Die Studie untersuchte auch Ethos, bei dem es um den Ruf oder Charakter des Sprechers geht.

  • Das Ergebnis: Wenn ein Sprecher versuchte, Vertrauen aufzubauen (oder das Vertrauen in jemand anderen zu attackieren), wurden auch die Interpretationen der Zuhörer sehr vielfältig.
  • Die Analogie: Stellen Sie sich vor, ein Sprecher trägt ein glänzendes „Vertrauensabzeichen“. Einige Leute in der Menge sehen das Abzeichen und denken: „Großartig, ich kann ihm vertrauen!“ Andere betrachten dasselbe Abzeichen und denken: „Dieses Abzeichen sieht gefälscht aus; er versucht uns zu täuschen.“ Der Versuch, Glaubwürdigkeit zu etablieren, erzeugte tatsächlich mehr Verwirrung und Uneinigkeit als eine neutrale Aussage.

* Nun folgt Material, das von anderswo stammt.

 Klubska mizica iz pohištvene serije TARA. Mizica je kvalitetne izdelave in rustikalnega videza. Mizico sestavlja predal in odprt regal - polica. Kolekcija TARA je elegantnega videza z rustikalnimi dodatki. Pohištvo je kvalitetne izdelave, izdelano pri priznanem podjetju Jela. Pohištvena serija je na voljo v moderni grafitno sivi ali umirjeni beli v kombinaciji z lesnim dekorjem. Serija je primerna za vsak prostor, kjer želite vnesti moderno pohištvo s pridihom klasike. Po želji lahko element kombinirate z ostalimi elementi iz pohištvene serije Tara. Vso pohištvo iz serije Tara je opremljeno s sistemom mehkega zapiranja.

4. Die Einstellung der stummen Menge

Obwohl diese stillen Zuhörer nicht kommentierten, war ihr internes „Vibe“ gegenüber dem Sprecher stark mit der Rhetorik verknüpft.

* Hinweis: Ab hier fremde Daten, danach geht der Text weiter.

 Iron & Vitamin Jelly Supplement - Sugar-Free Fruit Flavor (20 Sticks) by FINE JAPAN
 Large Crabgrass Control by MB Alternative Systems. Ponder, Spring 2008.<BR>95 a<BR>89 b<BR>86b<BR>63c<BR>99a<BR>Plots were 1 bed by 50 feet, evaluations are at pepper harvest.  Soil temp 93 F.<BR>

  • Das Ergebnis: Wenn eine Nachricht positive Emotionen nutzte oder den Charakter des Sprechers aufbaute, neigten die stillen Zuhörer dazu, den Sprecher mehr zu mögen. Wenn die Nachricht negative Emotionen nutzte oder den Charakter angriff, neigten die Zuhörer dazu, den Sprecher weniger zu mögen.
  • Die Analogie: Man muss nicht „Ich hasse das!“ schreien, um zu zeigen, dass man einen Sprecher nicht mag. Ihr internes „Bauchgefühl“ verschiebt sich basierend darauf, wie sie sprechen, selbst wenn Sie still bleiben.

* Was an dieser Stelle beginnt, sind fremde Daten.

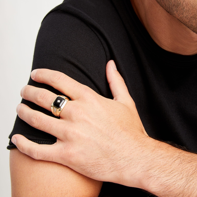 This stunning ring for him is crafted in 10K yellow gold and features an intense emerald-cut black onyx. Bright round diamond accents are styled in white rhodium for a hint of sparkling contrast.

5. Warum änderte sich die Bedeutung?

Die Forscher fanden acht Hauptgründe, warum derselbe Satz für verschiedene Menschen unterschiedlich klang:

  • Der Rucksack des Zuhörers: Menschen tragen ihre eigenen Überzeugungen, politischen Ansichten und Lebenserfahrungen mit sich herum. Wenn Sie ein Fan einer bestimmten politischen Partei sind, hören Sie eine Botschaft vielleicht anders als jemand, der es nicht ist.
  • Der Nebel des Kontextes: Manchmal lieferte der Satz nicht genügend Hintergrundinformationen, sodass die Zuhörer die fehlenden Teile ergänzen mussten, und sie rate unterschiedlich.
  • Der Tonfall: Sarkasmus oder rhetorische Fragen können leicht missverstanden werden, wenn man den Stil des Sprechers nicht kennt.

Das große Fazsergebnis

Die Arbeit kommt zu dem Schluss, dass Text nicht die ganze Geschichte ist. Nur weil ein Computer einen Satz lesen kann, bedeutet das nicht, dass er weiß, was das Publikum gehört hat.

In der digitalen Welt nehmen wir oft an, dass, wenn ein Post „X“ sagt, jeder „X“ auch so versteht. Diese Studie zeigt, dass für die stille Mehrheit die Nachricht oft durch ihre eigenen Emotionen, Überzeugungen und Vertrauenslevel transformiert wird. Die „Wahrheit“ eines Social-Media-Posts besteht nicht nur darin, was geschrieben steht; sie ist ein chaotisches, sich verschiebendes Gemisch aus dem, was geschrieben wurde, plus wie das stille Publikum es interpretiert hat.

Kurz gesagt: Rhetorik (die Kunst der Überzeugung) landet nicht einfach auf einer Seite; sie prallt vom Geist des Zuhörers ab, und dieser Aufprall verändert die Botschaft jedes Mal aufs Neue.